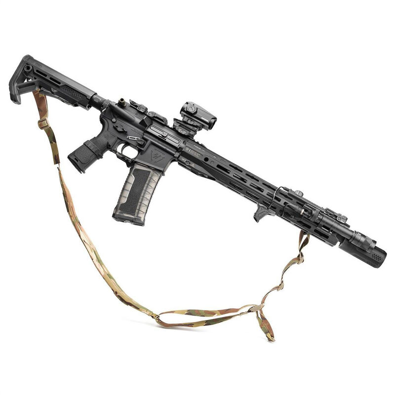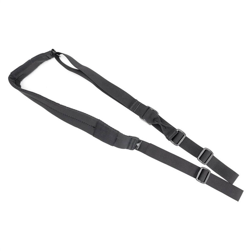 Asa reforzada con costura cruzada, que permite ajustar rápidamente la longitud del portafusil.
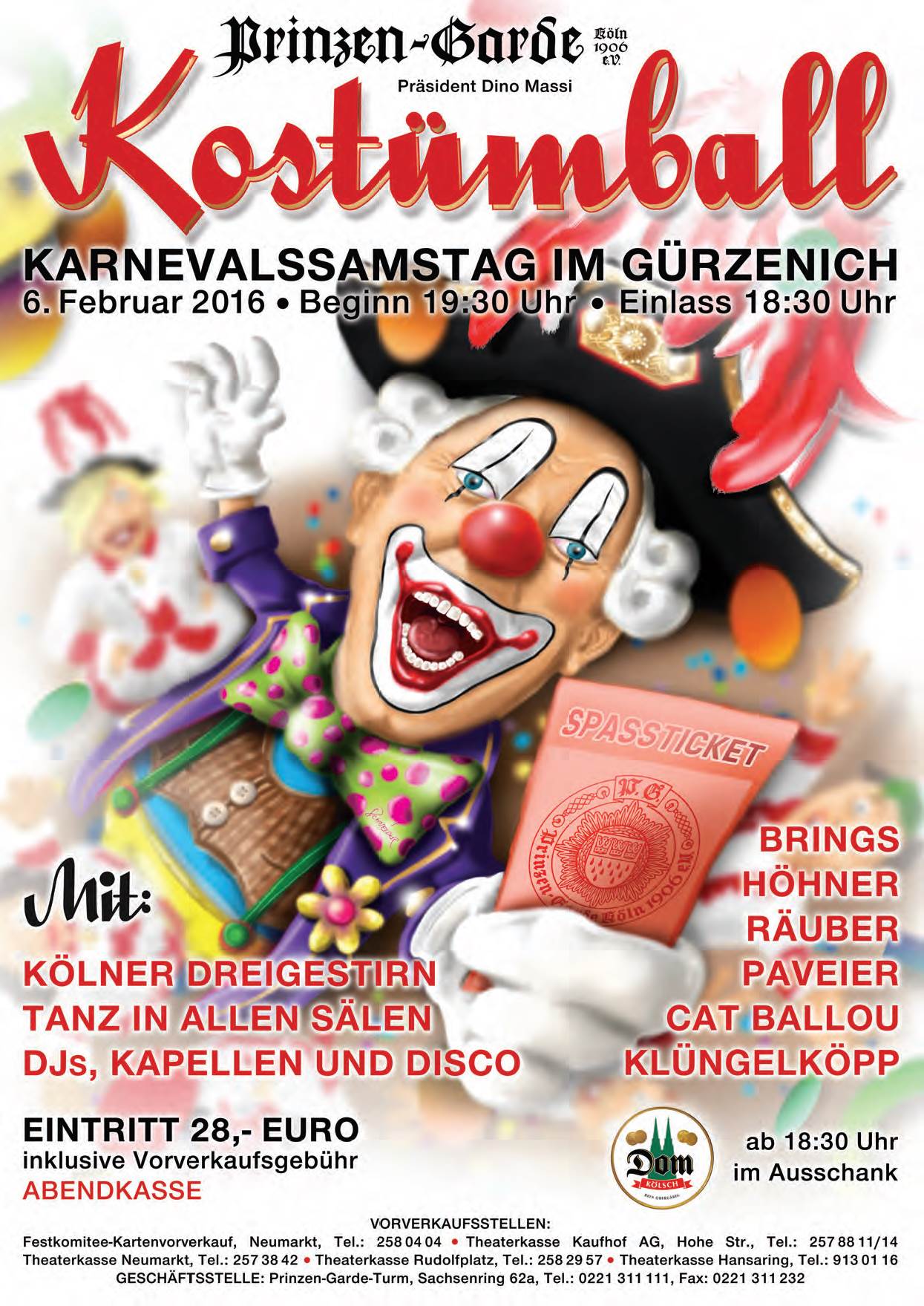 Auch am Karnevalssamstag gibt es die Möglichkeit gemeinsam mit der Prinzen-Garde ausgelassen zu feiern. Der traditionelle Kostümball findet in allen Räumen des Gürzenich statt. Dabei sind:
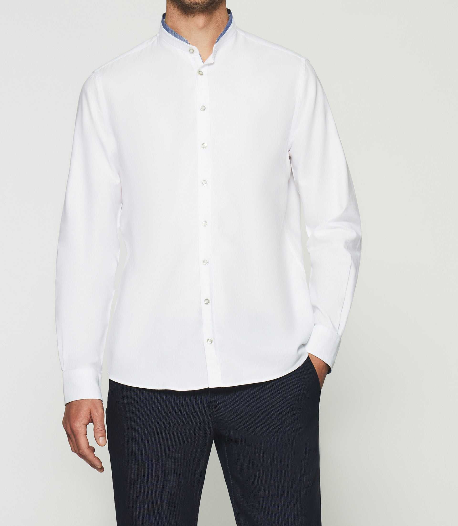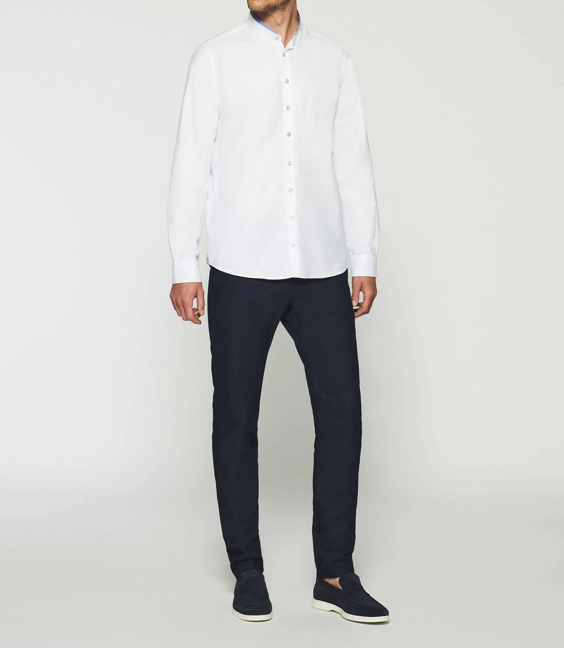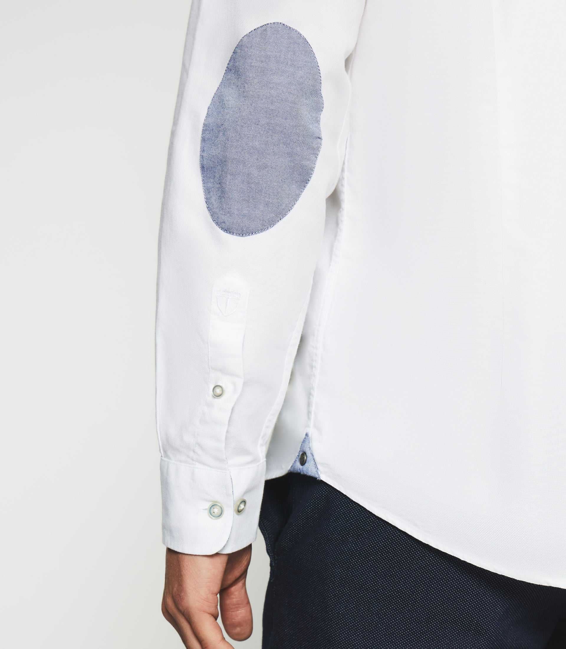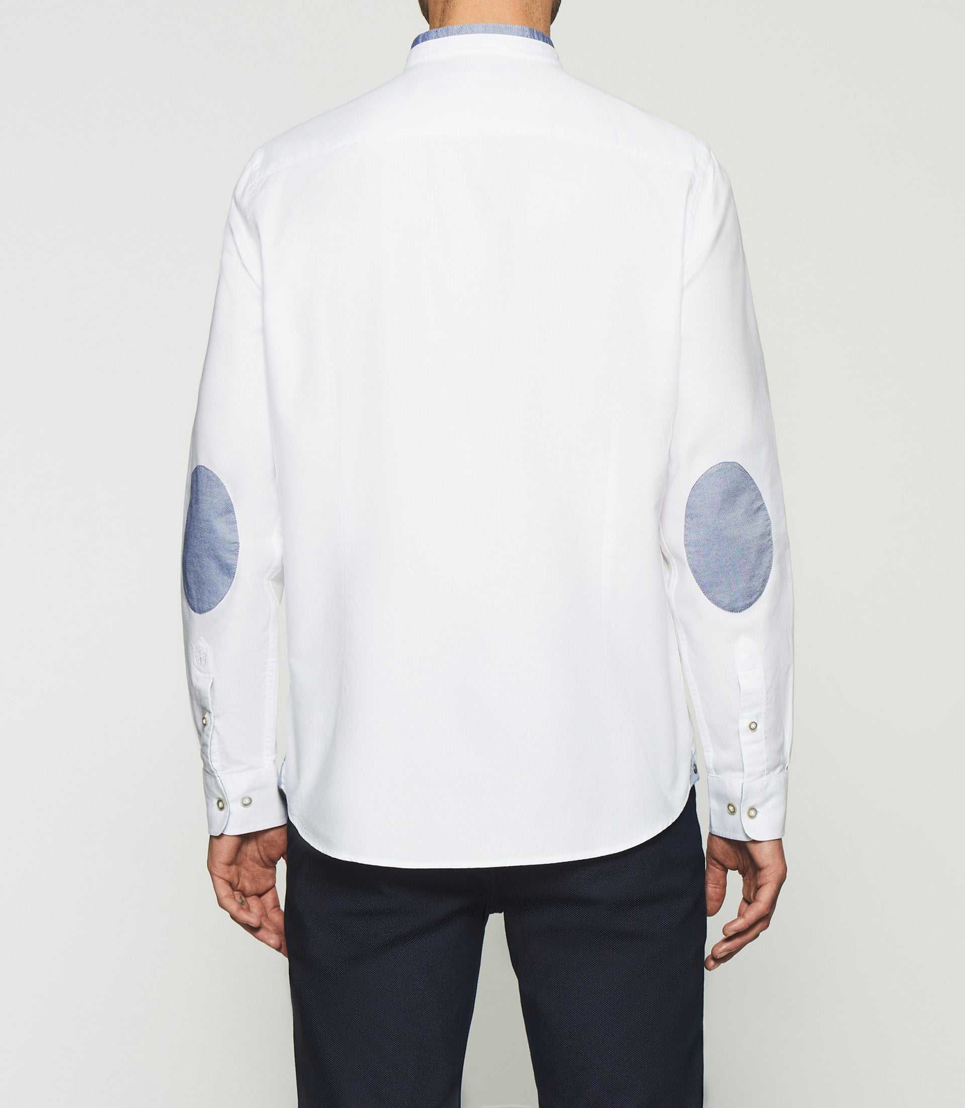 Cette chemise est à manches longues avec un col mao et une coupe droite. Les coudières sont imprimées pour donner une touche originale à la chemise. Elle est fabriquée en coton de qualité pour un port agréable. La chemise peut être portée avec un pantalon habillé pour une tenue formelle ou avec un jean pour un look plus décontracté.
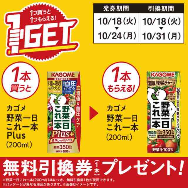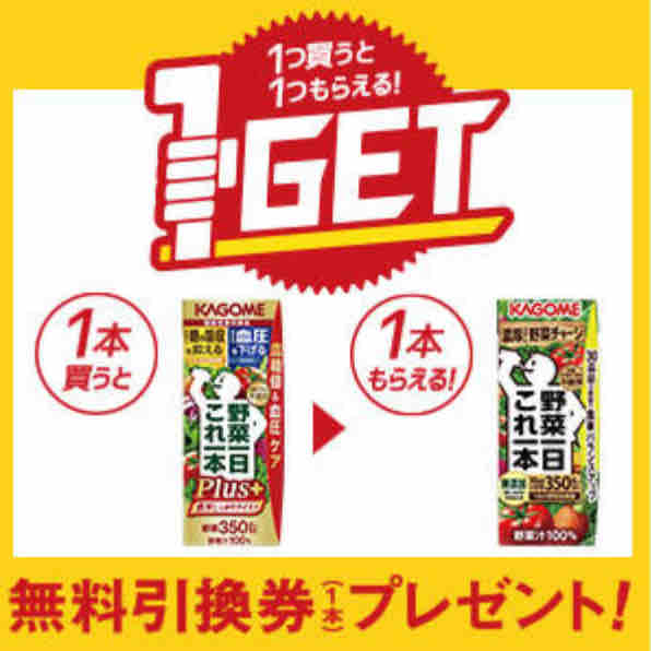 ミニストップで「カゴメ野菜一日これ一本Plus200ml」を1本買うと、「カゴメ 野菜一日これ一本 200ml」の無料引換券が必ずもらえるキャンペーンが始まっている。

● DIRECTIONS FOR THIS TASK:
Word for word, please, restate the lines of the listing from the one holding "Cette chemise est" down to the last line, leaving out any pictures.

● OUTPUT FOR THIS TASK:
 Cette chemise est à manches longues avec un col mao et une coupe droite. Les coudières sont imprimées pour donner une touche originale à la chemise. Elle est fabriquée en coton de qualité pour un port agréable. La chemise peut être portée avec un pantalon habillé pour une tenue formelle ou avec un jean pour un look plus décontracté.
 ミニストップで「カゴメ野菜一日これ一本Plus200ml」を1本買うと、「カゴメ 野菜一日これ一本 200ml」の無料引換券が必ずもらえるキャンペーンが始まっている。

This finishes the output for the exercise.